Next, the control system of the air cleaning apparatus 10 of this embodiment is demonstrated.
FIG. 5 is a block diagram showing a control system of the air cleaning device of the present embodiment. In the embodiments described below, members having the same configuration / action as those already described are denoted by the same or corresponding reference numerals in the drawings, and description thereof is simplified or omitted. When the air cleaning device 10 is driven, a predetermined voltage is supplied to the motor control unit 33, the light irradiation unit 14, and the transformer 34 by starting the power supply circuit 32. By setting the transformer 34 to a predetermined frequency (for example, frequencies 50 Hz and 60 hertz), the voltage applied to drive the light irradiation unit 14 can be switched. By driving the motor control unit 33, the air blowing unit 16 is driven, and air starts to flow along the flow path of the case body 11. Simultaneously with the start of driving of the blower 16 or before and after the start of the drive, the light irradiation unit 14 is driven to start the light irradiation, and the photocatalytic filter 12 generates active oxygen and flows by the blower 16. The active oxygen is diffused into the ambient atmosphere of the air cleaning device 10 by air.

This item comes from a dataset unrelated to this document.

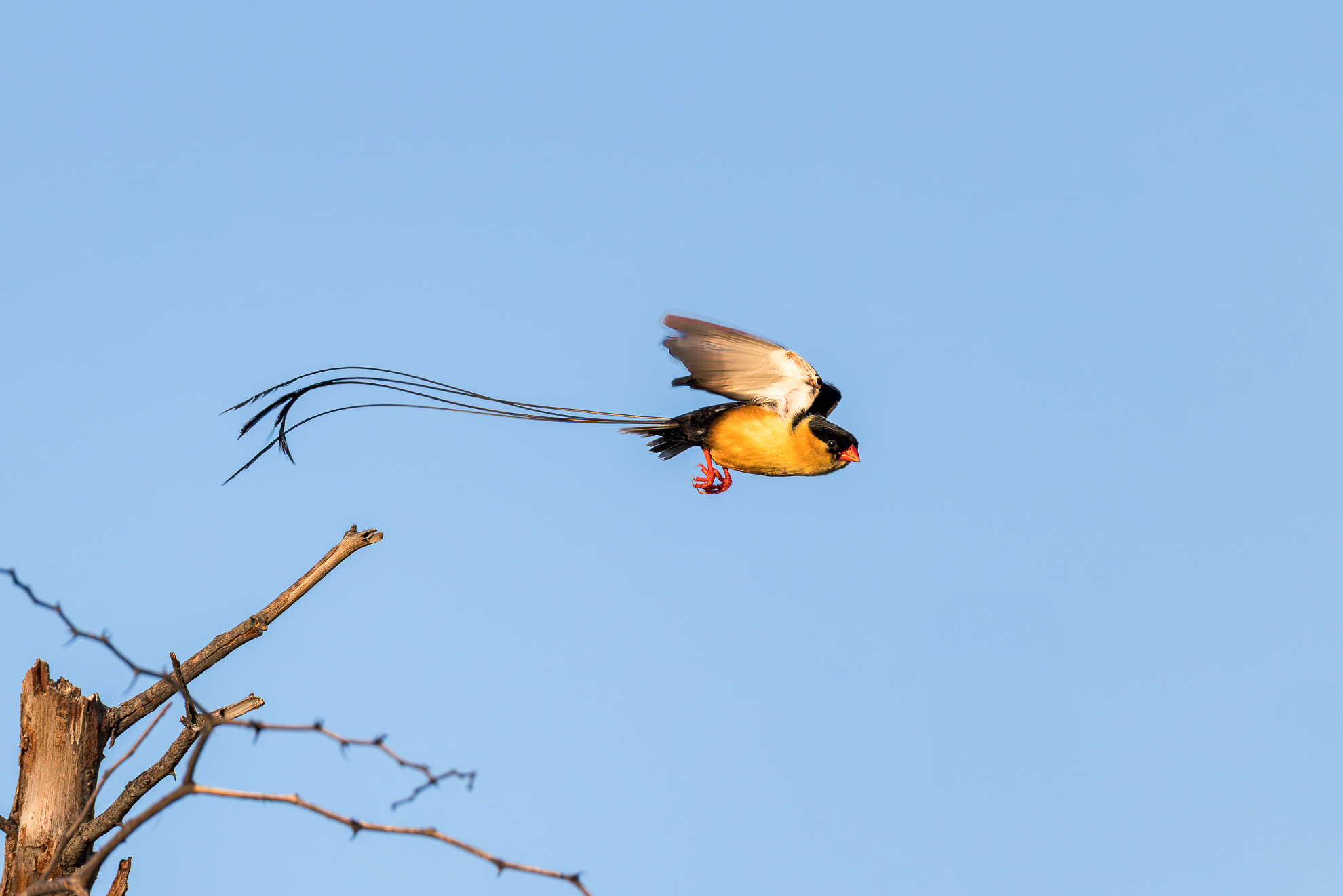 To make a lasting impression on potential partners, many males change into striking breeding plumage with bold colours, longer tails and, in some cases, behaviour that seems a bit enthusiastic. The African paradise flycatcher and the different paradise whydah are good examples, suddenly looking as if they have stepped out in their finest. Other southern African show-offs include the pin-tailed whydah, various widowbirds with their sweeping tails and the bright southern red bishop.

  Here, the air cleaning device 10 is connected to at least one of the sensor unit 36 that detects the amount of organic substances in the atmosphere, the light irradiation unit 14, and the air blowing unit 16 in a state in which signals can be input and output. Drive control unit 38 is provided. The sensor unit 36 outputs a detection signal to the drive control unit 38 when an organic substance is detected. The drive control part 38 can control at least one of the light irradiation part 14 and the ventilation part 16 based on the detection signal of an organic substance. When controlling the light irradiation part 14, the quantity of the light to irradiate and the time to irradiate light can be controlled. Moreover, you may have the timer function which sets lighting of the light irradiation part 14 to intermittent operation, and complete | finishes irradiation. When controlling the air blower 16, the amount of air to be blown and the time to blow can be controlled. Moreover, you may have the timer function which sets the drive of the ventilation part 16 to intermittent operation, and complete | finishes ventilation.

  Examples of odors detected by the sensor unit 36 include body odors and bad breaths from the human body, alcohol substances, and organic substances produced from pet manure. Moreover, a sensor part is not limited to an odor, For example, house dusts, such as a tick, dust, and pollen can also be detected.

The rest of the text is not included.